- [when asked by gossip columnist Earl Wilson if she had ever been mistaken for a man on the telephone] No, have you?
- I was there in the south of France when Zelda [Fitzgerald], poor darling, went off her head. She had gone into a flower shop and suddenly for her all the flowers had faces. Of course, some flowers, such as pansies, DO have faces.
- [on seeing a former lover for the first time in years] I thought I told you to wait in the car.
- I read Shakespeare and the Bible, and I can shoot dice. That's what I call a liberal education.
- The only man in theater who can count on steady work is the night watchman.
- The only thing I regret about my past is the length of it. If I had to live my life again, I'd make the same mistakes, only sooner.
- Acting is a form of confusion.
- [on why she called everyone "dahling"] Because all my life, I've been terrible at remembering people's names. I once introduced a friend of mine as Martini. Her name was actually Olive.
- If you want to help the American theater, don't be an actress, dahling; be an audience.
- It's the good girls who keep diaries; the bad girls never have the time.
- I'm as pure as the driven slush.
- I have three phobias which, could I mute them, would make my life as slick as a sonnet, but as dull as ditch water - I hate to go to bed, I hate to get up, and I hate to be alone.
- My father warned me about men and booze, but he never mentioned a word about women and cocaine.
- Cocaine isn't habit-forming. I should know - I've been using it for years.
- Nobody can be exactly like me. Even I have trouble doing it.
- No man worth his salt, no man of spirit and spine, no man for whom I could have any respect, could rejoice in the identification of Tallulah's husband. It's tough enough to be bogged down in a legend. It would be even tougher to marry one.
- Don't think I don't know who's been spreading gossip about me. After all the nice things I've said about that hag [Bette Davis]. When I get hold of her, I'll tear out every hair of her mustache!
- Say anything about me, dahling, as long as it isn't boring.
- I've tried several varieties of sex, all of which I hate. The conventional position makes me claustrophobic; the others give me a stiff neck and/or lockjaw.

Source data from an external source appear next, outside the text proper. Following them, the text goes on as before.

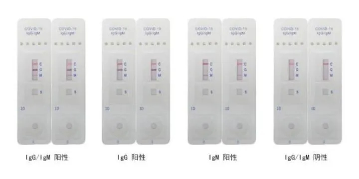 經(jīng)大量實驗室以及臨床樣本驗證,表明IgM/IgG雙指標快速診斷膠體金試劑,最快2分鐘完成檢測。該檢測操作簡便,無需儀器,只需10 μL指尖全血滴入檢測孔,對感染3-7天的樣本即可檢出,準確率97%以上,從而極大降低檢測時感染風(fēng)險。檢驗抗體呈陽性結(jié)果則表明:患者當(dāng)前處于感染狀態(tài)或既往感染。
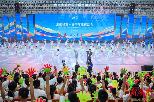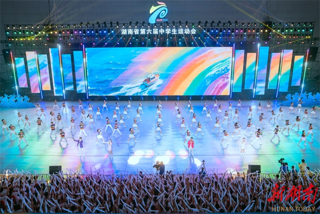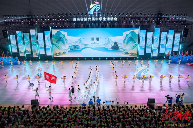 On the evening of October 16, the opening ceremony of the Sixth Hunan Provincial Middle School Students' Games was held at the Shaoyang Sports Center. Hosted by the Hunan Provincial Department of Education, the Hunan Sports Administration, and the Hunan Provincial Committee of the Communist Youth League of China (CYLC), the opening ceremony featured four chapters—"Youth," "With Me," "Chasing Dreams," and "Future." These chapters together presented a narrative of youthful growth, providing the audience with a captivating and inspiring performance. (Photo/Li Jian, Dai Peng, and Zheng Danmei, Hunan Daily)
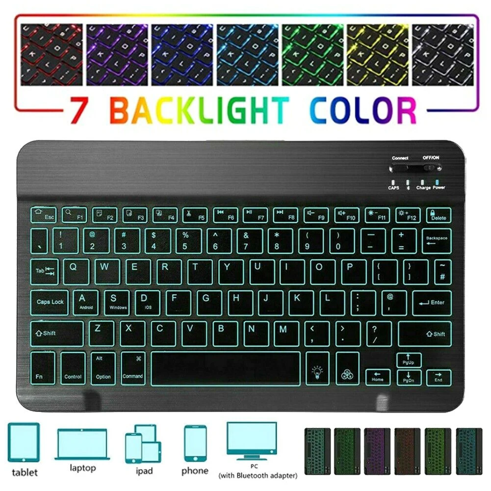 Чехол с беспроводной клавиатурой и подсветкой 7 цветов для Samsung Galaxy Tab A7 10,4 дюйма 2020 T505 T500, чехол для планшета из искусственной кожи со слотом для ручки
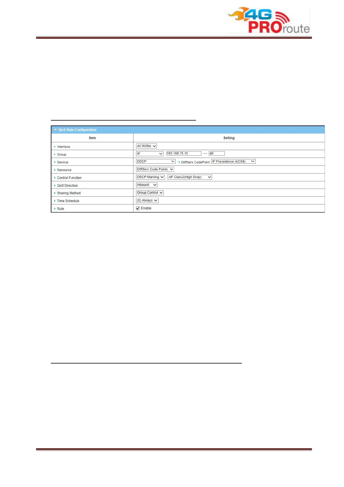 Control Function: Select “DSCP Marking” with “AF Class 2(High Drop)”.
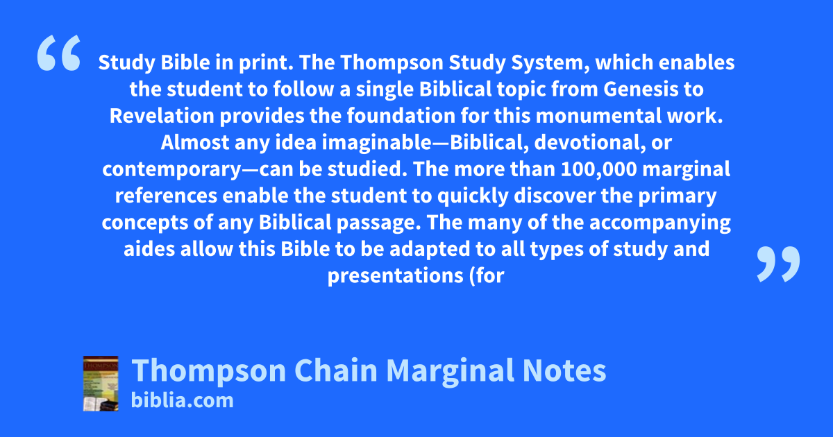 Study Bible in print. The Thompson Study System, which enables the student to follow a single Biblical topic from Genesis to Revelation provides the foundation for this monumental work. Almost any idea imaginable—Biblical, devotional, or contemporary—can be studied. The more than 100,000 marginal references enable the student to quickly discover the primary concepts of any Biblical passage. The many of the accompanying aides allow this Bible to be adapted to all types of study and presentations (for
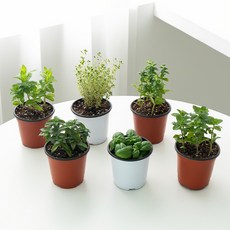 코코도르팜 허브 포트 소형 6종 애플민트+스피아민트+페퍼민트+골든레몬타임+오데코롱민트+바질 세트, 혼합색상, 1세트
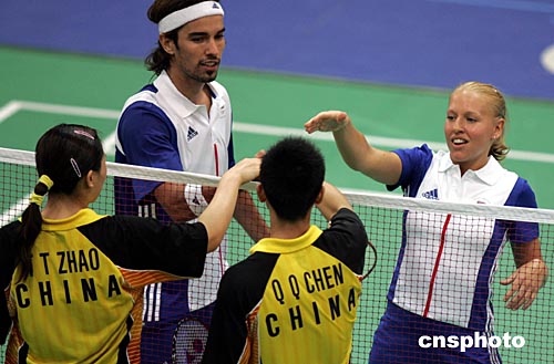 被列為混雙六號種子的中國球員陳其遒/趙婷婷今天與四號種子、英國選手羅伯森/埃姆在四分之一決賽中遭遇。陳、趙二人沒有打出速度上的優(yōu)勢,全場受制于對手,以八比十五和十五比十七敗陣。
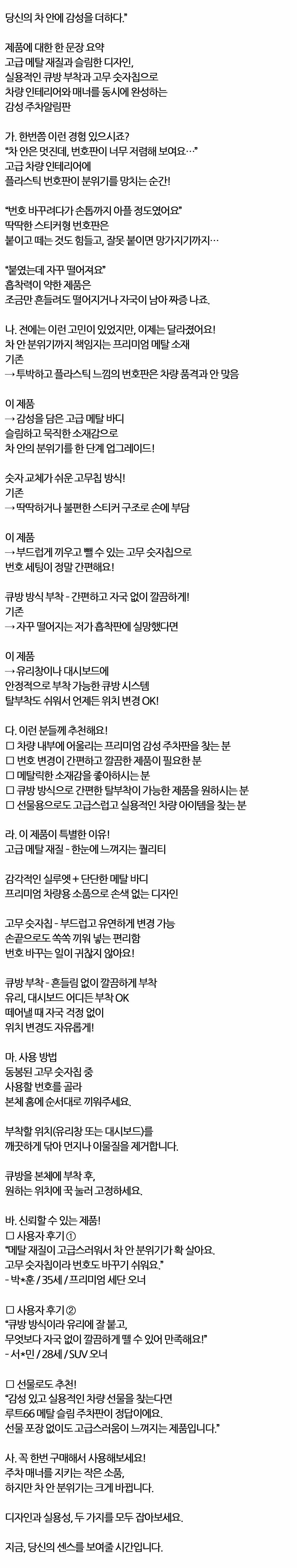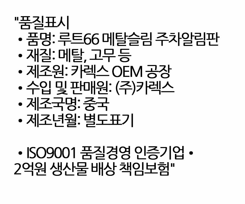 차량 내부에 어울리는 프리미엄 메탈슬림 주차번호판

- On strategy: I'm the foe of moderation, the champion of excess. If I may lift a line from a die-hard whose identity is lost in the shuffle, I'd rather be strongly wrong than weakly right.
- [when a young actress told her that she drank cranberry juice every morning] Oh, my God, cranberry juice? When I was 16, dahling, I had a shoebox full of cocaine.
- [when researcher Alfred Kinsey asked her for details about her sex life]: Of course, darling, if you'll tell me yours.
- [To 27 year old bride-to-be Helen Hayes, who was getting married to Charles MacArthur, who asked her what she could do to avoid getting pregnant]: Just what you've always been doing, darling.
- [on being told there was no toilet paper available] Well, do you have two fives for a ten?
- There have been only two geniuses in the world, Willie Mays and Willie Shakespeare. But, darling, I think you'd better put Shakespeare first.
- Do you want to know why the Giants are going to win the pennant? Well, darlings, I can tell you in two words: Willie Mays.
- I've played "Private Lives" everywhere except underwater.
- They used to photograph Shirley Temple through gauze. They should photograph me through linoleum.
- [on Bette Davis] Bette and I are very good friends, There's nothing I wouldn't say to her face, both of them.
- I only read one book in my life, "White Fang". Fortunately it was so good I never needed to read another.